Although Trump repeatedly has said that Mexico would pay for the wall, the tax that White House press secretary Sean Spicer described to reporters actually would fall on U.S. consumers, not on Mexicans.

“Right now, our country’s policy is to tax exports and let imports flow freely in, which is ridiculous,” Spicer told reporters traveling with Trump back to Washington after a speech in Philadelphia.

By reversing that and taxing imports, “we can do $10 billion a year, and easily pay for the wall just through that mechanism alone. That’s really going to provide the funding,” Spicer said.

Although Spicer did not refer to the tax by name, his description of it seemed to make clear that he was referring to a complicated portion of the tax reform plan proposed by House Republicans. That was confirmed by House GOP officials, including Speaker Paul Ryan’s communications director Brendan Buck.

The provision, known as a destination-based cash flow tax, essentially would function as a national sales tax on imported goods and services. It’s a key part of the GOP tax plan, but one that Trump has previously criticized as too complicated. As part of the plan, the House GOP would also lower the corporate tax rate to 20 percent from its current maximum level of 35 percent.

Such a tax would likely increase prices on some staples for American consumers, such as tomatoes and avocados, once U.S. retailers pass along the tax to consumers. Mexico is the second-largest supplier of agricultural imports to the U.S.

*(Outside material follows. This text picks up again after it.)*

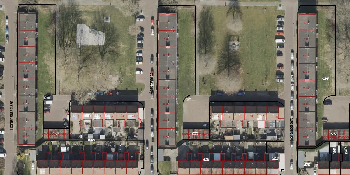 Het perceel waarop Asterstraat 29 staat heeft een oppervlakte van 3848 m². Dit is een zeer groot perceel. De perceeloppervlakte wordt geregistreerd door het Kadaster. Gedetailleerde informatie over de maten van dit perceel kunt u vinden in het rapport Kadastrale kaart met maatvoering van Asterstraat 29.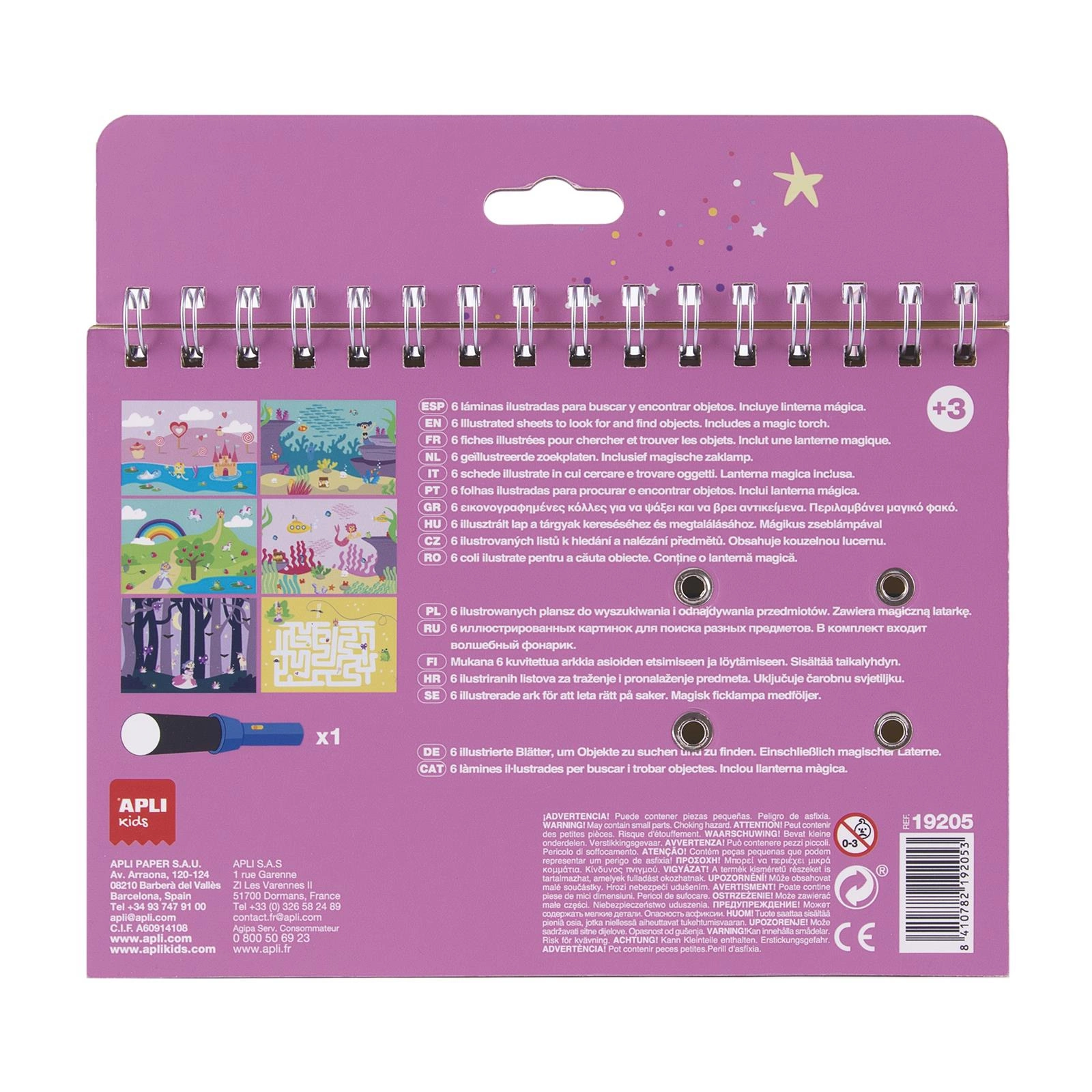 Zestaw zawiera 6 plansz na spirali do wyszukiwania i odnajdywania przedmiotów na obrazkach z motywem księżniczek i syrenek. Każda strona odkryje przed dzieckiem sekrety magicznego świata, a kolorowa grafika zachęci dziecko do zabawy. Dziecko za pomocą latarki odnajduję ukryte przedmioty na planszach. Dzięki kompaktowym rozmiarom, książeczka sprawdzi się podczas podróży, zapewniając rozrywkę i edukację w jednym! Pobudzaj ciekawość, poprawia spostrzegawczość, rozwija zdolności motoryczne i pobudza wyobraźnię.

The price increase for consumers would be at least partially offset by an increased valuation in the dollar, experts have said.

Trump alluded to the plan earlier in remarks to House and Senate Republicans in Philadelphia.

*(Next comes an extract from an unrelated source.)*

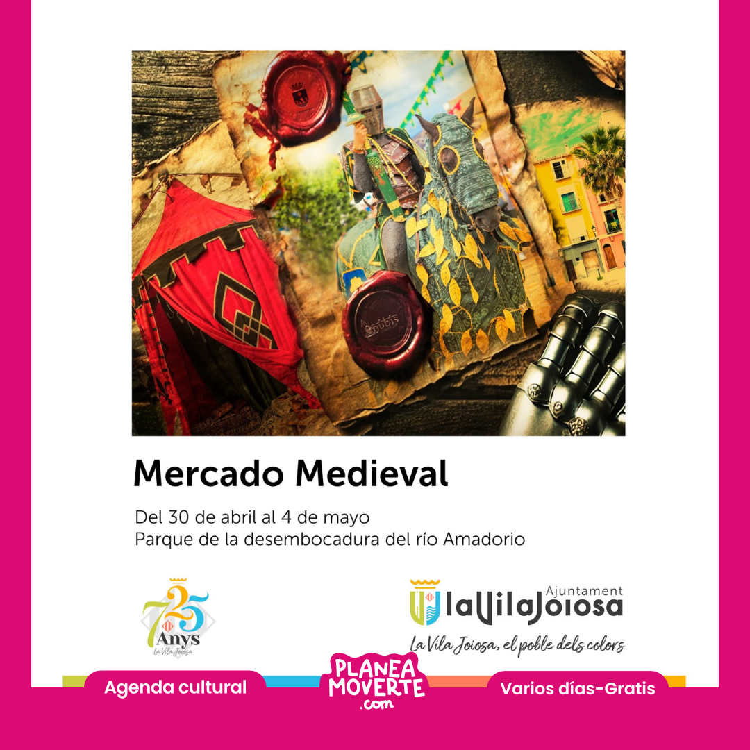 Del 30 de abril al 4 de mayo podremos disfrutar en Villajoyosa del Mercado Medieval. Artesanía, gastronomía, espectáculos musicales, actuaciones teatrales, torneo de caballos y ludoteca infantil nos transportarán a la Edad Media hasta el domingo 4 de mayo. A las 19.30 horas, se celebrará el desfile inaugural. Aquí podéis ver la programación.

“We’re working on a tax reform bill that will reduce our trade deficits, increase American exports and will generate revenue from Mexico that will pay for the wall, if we decide to go that route,” Trump said.

The U.S. imported $316.4 billion in goods and services from Mexico in 2015, while exporting $267.2 billion, according to the office of the U.S. Trade Representative. Mexico is the United States’ third-largest supplier of imports — chiefly vehicles, electrical machinery and mineral fuels.